Professional Resume Template for

Staff Data Engineer

Raymond T. Mercer

Seattle, WA

(206) 555-0182

raymond.mercer@email.com

linkedin.com/in/raymond-mercer | github.com/raymondmercer | raymondmercer.dev

Professional Summary

Systems-oriented Staff Data Engineer with 12 years of experience designing and scaling distributed data architectures across cloud environments. Expertise includes building real-time event streaming pipelines, designing multi-petabyte data lakes, and optimizing query execution engines. Successfully reduced data processing costs by 34% and improved pipeline reliability from 94% to 99.9% while handling 8B+ daily transactions. Led data platform modernization initiatives migrating legacy infrastructure to Snowflake and Apache Spark. Proficient in Python, Scala, SQL, Kafka, Kubernetes, Airflow, and Terraform to build secure, robust data platforms.

Work Experience

Staff Data Engineer — Aero Data Platforms

Seattle, WA | January 2021 – Present

  • Architected a real-time event streaming platform using Apache Kafka and Kubernetes, processing 8B+ daily events and reducing end-to-end data latency from 45 minutes to under 3 seconds.
  • Led the migration of 4.5 PB of legacy Hadoop storage to a Snowflake data warehouse, optimizing clustering keys and materialization to reduce monthly cloud computation spend by 34%.
  • Designed and deployed custom PySpark data validation frameworks within Apache Airflow pipelines, eliminating data quality anomalies and increasing data SLA delivery reliability to 99.9%.
  • Mentored 8 mid-level data engineers and established engineering standards for CI/CD deployment using Terraform, which decreased deployment-related pipeline downtime incidents by 42%.

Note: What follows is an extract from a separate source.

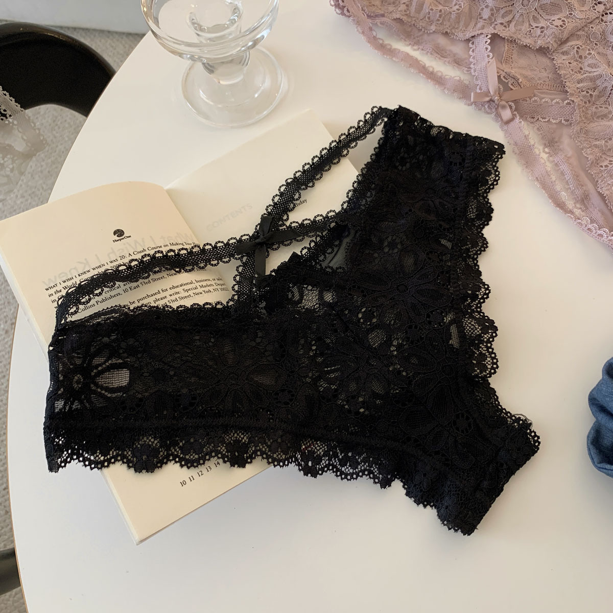 欧美韵紫蕾丝交叉系带半透明女士内裤性感镂空低腰半包臀三角V裤

Senior Data Engineer — Nexus Analytics Solutions

San Francisco, CA | September 2014 – December 2020

  • Developed scalable batch and streaming ETL pipelines using Scala, Apache Spark, and AWS EMR, which ingested data from 12 separate SaaS products into a centralized Amazon S3 data lake.
  • Re-engineered slow-running SQL queries and data models in Amazon Redshift, reducing aggregate dashboard load times by 55% and saving 220 hours of analyst querying wait-time per month.
  • Automated infrastructure provisioning using Terraform, establishing multi-region replication that cut recovery time objectives (RTO) for critical data services from 6 hours to 15 minutes.
  • Implemented column-level security masking and role-based access controls across 450+ tables, ensuring 100% compliance with GDPR and CCPA regulations during quarterly external compliance audits.

Education

Bachelor of Science in Computer Science

University of Washington · Seattle, WA · 2014

Skills

Data Architecture, Distributed Systems, Batch & Stream Processing, Data Warehousing, Infrastructure as Code, CI/CD, Database Design, SQL Query Optimization, Python, Scala, SQL, Apache Spark, Apache Kafka, Snowflake, Amazon Web Services (AWS), Terraform, Docker, Kubernetes, Apache Airflow, dbt

Projects

Real-Time Fraud Detection Pipeline

Role: Lead Architect

Tools: Apache Kafka, Apache Flink, AWS EKS, Terraform

Designed and built an event-driven stream processing pipeline that ingested 15,000 events per second, resulting in the detection and prevention of $4.2M in annual fraudulent transactions.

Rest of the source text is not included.